On Time-Bandwidth Product of Multi-Soliton Pulses
Alexander Span, Vahid Aref, Henning Buelow, Stephan ten Brink

TL;DR
This paper investigates the evolution and optimization of the time-bandwidth product of multi-soliton pulses in fiber optics, aiming to improve spectral efficiency in nonlinear Fourier domain communication.
Contribution
It provides numerical optimization and analytical estimations of multi-soliton pulse shapes to minimize their time-bandwidth product, advancing understanding of their spectral properties.
Findings
Optimized second and third order soliton pulses for minimal time-bandwidth product.
Analytical estimates of pulse duration and bandwidth for multi-solitons.
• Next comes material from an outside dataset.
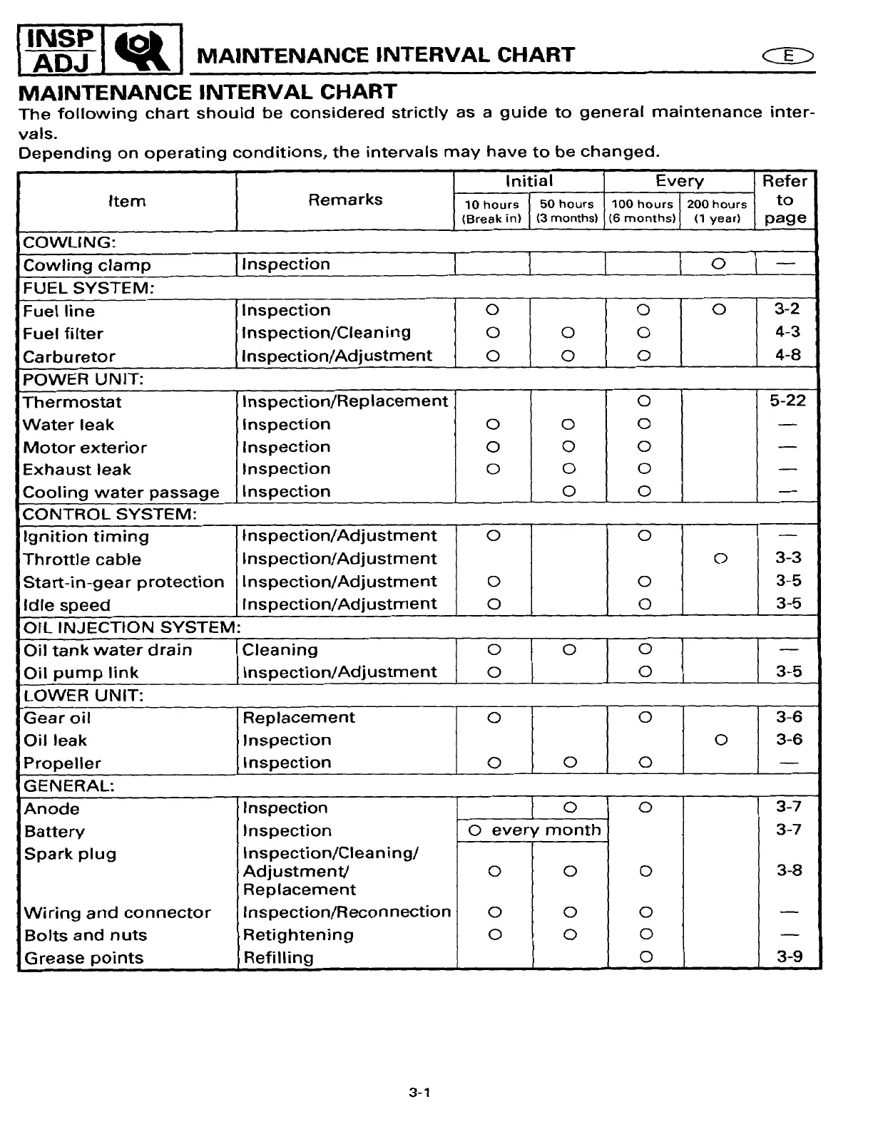 Yamaha 20ESHT2 - MAINTENANCE INTERVAL CHART

Approximate calculations for higher order solitons' time-bandwidth product.
Abstract
Multi-soliton pulses are potential candidates for fiber optical transmission where the information is modulated and recovered in the so-called nonlinear Fourier domain. While this is an elegant technique to account for the channel nonlinearity, the obtained spectral efficiency, so far, is not competitive with the classic Nyquist-based schemes. In this paper, we study the evolution of the time-bandwidth product of multi-solitons as they propagate along the optical fiber. For second and third order soliton pulses, we numerically optimize the pulse shapes to achieve the smallest time-bandwidth product when the phase of the spectral amplitudes is used for modulation. Moreover, we analytically estimate the pulse-duration and bandwidth of multi-solitons in some practically important cases. Those estimations enable us to approximate the time-bandwidth product for higher order solitons.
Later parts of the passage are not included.